On the continuation of David Tredinnick’s ministering for quackery

Though of a reasonable, easy-going disposition, I do, like most, have my bugbears. Chief among which is people who lie for a living. Chief among whom are quacks. And those in public positions of influence who promote them and their snake-oil wares.

Re-enter David Tredinnick, Conservative MP for Bosworth in Leicestershire, whose continued dim-witted advocation of the expending of public money on disproven and unproven treatments has led me to label him the ‘Minister for Quackery’. (It is, I think, the nearest he will ever get to being an actual Minister for anything.)

Being reasonable, I was pleased to note that Tredinnick campaigned to Remain in the European Union. But my slack was re-tied when he (like 292 others MPs, including my own) later contradicted his stance by voting to not endorse retention of the rights of EU nationals to live and work in the UK, if/when the UK exits the EU.

Obeying the whip for the sake of Tory unity? Perhaps. His voting record, which includes sympathy for rich bankers and mansion owners, but suggests antipathy to the rights of gay people, foxes and… humans, is hardly surprising. He represents a largely well-heeled seat in a fox-hunting county. I imagine the majority of his constituents are either ignorant of, or ambivalent/indifferent to his quackery-promoting tendencies, being prepared to overlook their representative’s eccentricities, providing he sports a blue rosette.

Even though Tredinnick has a record of misleading The House of Commons and its Select Committees on health matters.

I’ve commented previously on how parliamentary privilege permits MPs to say whatever they like in The House, providing they do not knowingly lie. Thus, whenever Tredinnick stands to promote homeopathy and other quackery, we must assume that he believes what he says. Which means what?

Early last year, Tredinnick embarrassed himself when he mouthed off about clear evidence that homeopathy is effective in treating autism. A Freedom of Information request by Alan Henness turned up this ‘evidence’, revealing that Tredinnick has no clue what the word ‘evidence’ means. This from a member who previously sat on the Select Committees for Health and for Science and Technology.

Never mind his deluded pretensions to being the funding salvation of the NHS. This wasting of his fellow parliamentarians’ time is not only gross ignorance; it is, in its suggestion of an illness requiring of treatment, utterly disrespectful to autistics and their families. But so fervent is he, rejection and correction do not register on his dicky radar. I have been told that many MPs groan and roll their eyes when he goes off on these tangents; but who confronts him on them?
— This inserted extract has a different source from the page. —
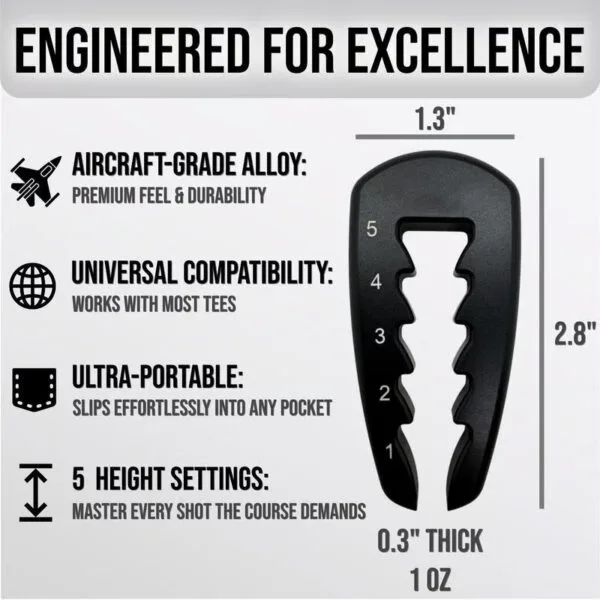 The Adjustable Golf Tee Height Tool ensures precise, consistent tee heights for optimal ball flight, maximizing distance and accuracy with every shot.

It seems too few. So, like the fool with no friends, he continues unabated. In September he was at it again, recycling the recycled nonsense about the Swiss government supposedly endorsing homeopathy. This ‘misunderstanding’ is a favourite resort of the propagandists who alight on comment threads below media articles on homeopathy. Never mind that they’ve been corrected on this: they just ignore, and repeat the misinformation. Either Tredinnick is completely ignorant of the facts here, or he fails to acknowledge them. If the latter, he is no less irresponsible than such liars. (Or perhaps he’s just confused. He also said, ‘The template for moving ahead should be the campaign of more than 100 years to stop people smoking and stop cigarettes dominating our lives.’ This from one who has generally voted against smoking bans.)

And only last week he whined about the ‘attacks’ on ‘honourable… medicine’ homeopathy, taking a swipe at The Good Thinking Society, which, he disparages, ‘really consists of one man and a dog’. The previous week he misinformed The House and The Secretary of State for Health that homeopathy can substitute for prescribed antibiotics because:

“… there are very good scientific trials now showing that upper respiratory tract infections can be treated using homeopathic medicine”.
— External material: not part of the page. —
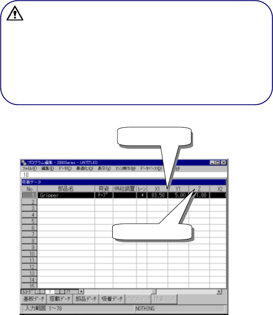 吸着データは、通常のノズルを使用する場合と変わらりません。従ってグリッパーのアーム位
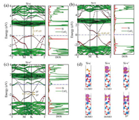 | Fig. 3. Three-dimensional charge density difference for the (a) Si-v, (b) Si-c and (c) Si-v'. The purple and cyan iso-surfaces denote charge accumulation and depletion in the space, respectively. The horizontal dash dot lines denote the central location of each atomic layer. (d) Profile of the planar averaged charge density difference as a function of positions in the z-direction. The positive and negative values of ρ denote the charge accumulation and depletion, respectively. | |

The Health Secretary’s response was lame, commending Tredinnick for ‘his great persistence in flying the flag for homeopathic medicine’, before adding, “… we must always follow the science in the way we spend our money on medicines, as I know he agrees… “.

If Jeremy Hunt is so convinced of Tredinnick’s commitment to science-based medicine (which is not how Tredinnick positions himself), why didn’t he ask the clot for the evidence of these ‘very good scientific trials’? Or is Hunt here, as I hope, blithely dismissing Tredinnick’s contribution?
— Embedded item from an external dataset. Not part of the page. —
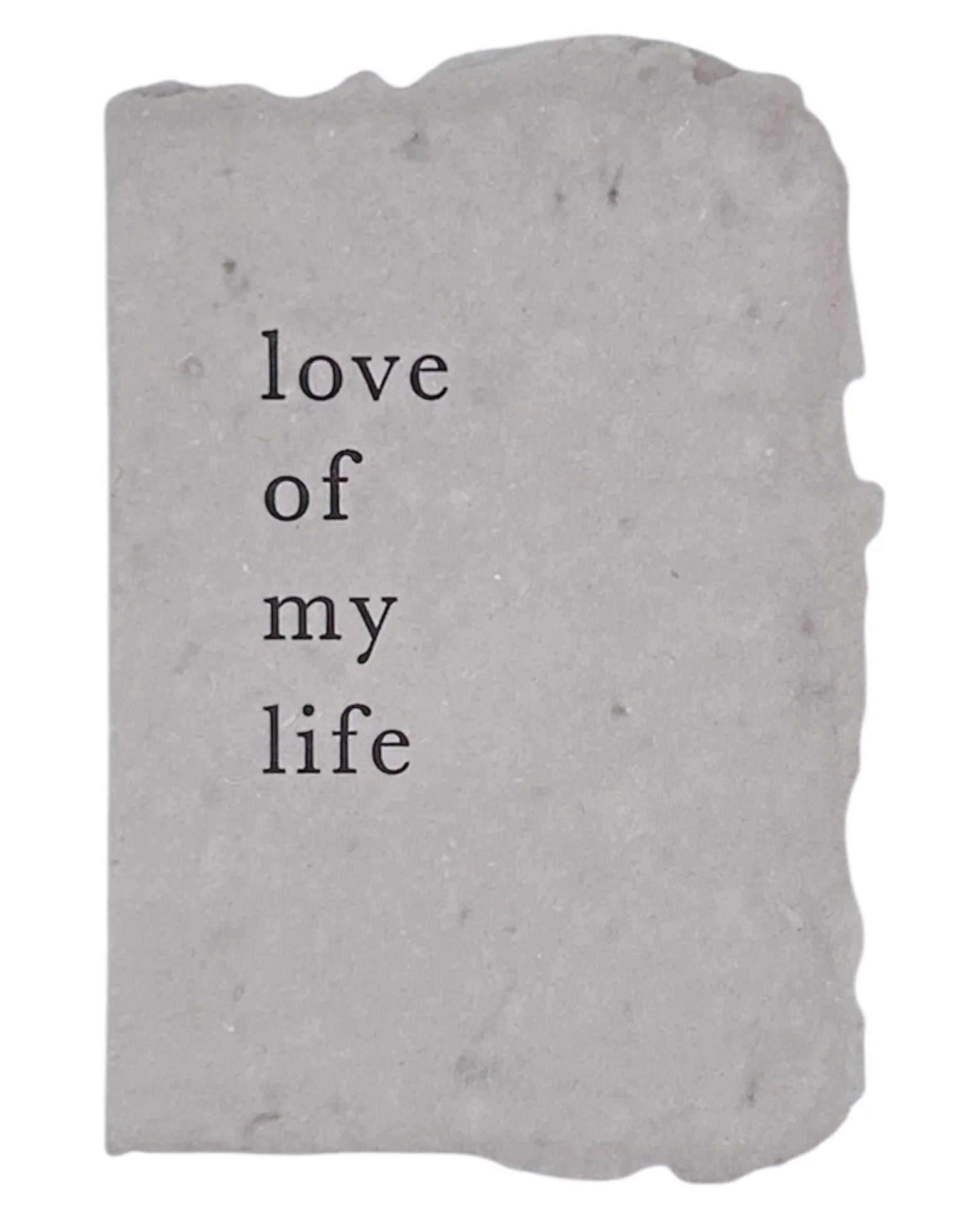 Soft gray handmade paper with black letterpress ink.

Fortunately, enough of Tredinnick’s fellow MPs have caught on to his regressive posturing: he was not voted back on to the Select Committees for Health and for Science and Technology. But he still has his allies. Why does James Duddridge consider it worthwhile ‘To ask the Secretary of State for Environment, Food and Rural Affairs, what plans the Government has to relax laws and restrictions imposed by the EU on homeopathic medicines, herbs, vitamins and mineral supplements after the UK exits the EU.’?

Ignorance is forgivable. We’re all ignorant on most things. But wilful ignorance on the part of our elected representatives is not. Making statements on important health matters, whilst failing to verify – or overlooking the lack of – any evidential basis, is lazy, neglectful and irresponsible. And to do so repeatedly is deluded, or just plain stupid.

I give you The ‘Right Honourable’ David Tredinnick MP, ‘Minister for Quackery’.